Editoriali / Lodi
Venerdì 22 Novembre 2024
Due lezioni dalle Regionali su astensionismo ed equilibri
Il centrodestra farebbe bene a non sottovalutare il segnale di Umbria ed Emilia
«Talvolta ho l’impressione che ci sia - è anche comprensibile, forse - tra le forze politiche, maggiore attenzione rivolta, per la competizione, soltanto a chi vota, a chi poi andrà alle urne. Il problema principale però del nostro Paese, del nostro sistema istituzionale, è verso chi non vota, per indurlo a partecipare alla vita democratica del paese con le elezioni. Perché la democrazia vive della partecipazione: se questa non c’è, appassisce». Lo diceva qualche giorno fa il Presidente della Repubblica intervenendo all’incontro dell’Osservatorio permanente giovani-editori. Le elezioni in Emilia-Romagna e Umbria hanno fornito una conferma di questa emergenza oltre le già pessimistiche (dato il trend generale) previsioni. Eppure a livello regionale è possibile una conoscenza meno generica dei candidati e il sistema elettorale è il più maggioritario e “presidenzialista”. che ci sia nel nostro ordinamento. Due fattori che teoricamente dovrebbero incentivare l’affluenza alle urne, ma non è andata così Le radici del problema sono evidentemente più profonde. Ha certamente pesato il fatto che il risultato dell’Emilia Romagna fosse dato abbastanza per scontato, ma questo non può bastare a motivare un calo dell’affluenza superiore ai 20 punti percentuali e una partecipazione nettamente al di sotto della soglia della metà degli aventi diritto. Del resto anche in Umbria, dove invece la carica di governatore era chiaramente contendibile, si è toccato il minimo storico con una discesa di ben 12 punti rispetto alle precedenti regionali. Il doppio successo del “campo largo” può essere relativizzato al pensiero che si tratta pur sempre di due regioni storicamente a sinistra. E quindi il problema di fare breccia nell’altra metà dell’elettorato resta in piedi. Però la volta scorsa l’Umbria era andata al centro-destra, un esito per certi versi clamoroso, e il recupero avvenuto in una stagione in cui il vento sembra spirare in tutt’altra direzione è un fatto politico oggettivamente rilevante.

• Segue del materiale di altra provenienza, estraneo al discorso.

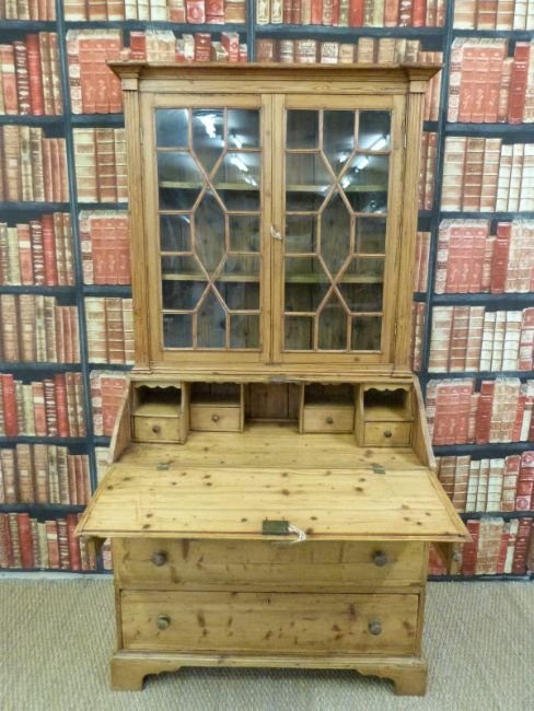 A 19thC pine astragal glazed bureau bookcase with two over two graduated drawers raised on bracket feet, the bureau with fitted interior (H204xW104xD53cm)

Per quanto riguarda la maggioranza nazionale, fino a quando le opposizioni non riusciranno a coagulare una coalizione coesa e credibile come alternativa di governo, Giorgia Meloni e i suoi alleati non avranno molto da temere sul fronte interno. I problemi più insidiosi appartengono semmai alla sfera internazionale che è sempre più gravida di incognite. Comunque il risultato del voto in Umbria ed Emilia-Romagna è un segnale che il centro-destra farebbe bene a non sottovalutare. L’atteggiamento che lascia intuire (o talvolta dichiara esplicitamente) la volontà di prendere tutto e a tutti i livelli, può indurre una reazione di rigetto nell’opinione pubblica. Per non parlare del rischio di entrare in rotta di collisione con gli organismi di garanzia, come ha dimostrato la decisione della Corte costituzionale che ha ridisegnato completamente la prospettiva dell’autonomia differenziata, riconducendola ai principi della Carta. Il terreno delle riforme, vale ricordarlo, è per antonomasia quello più congeniale al dialogo tra i partiti. Si potrebbe ripartire da qui, ma sarebbe necessaria una volontà politica che non si vede all’orizzonte.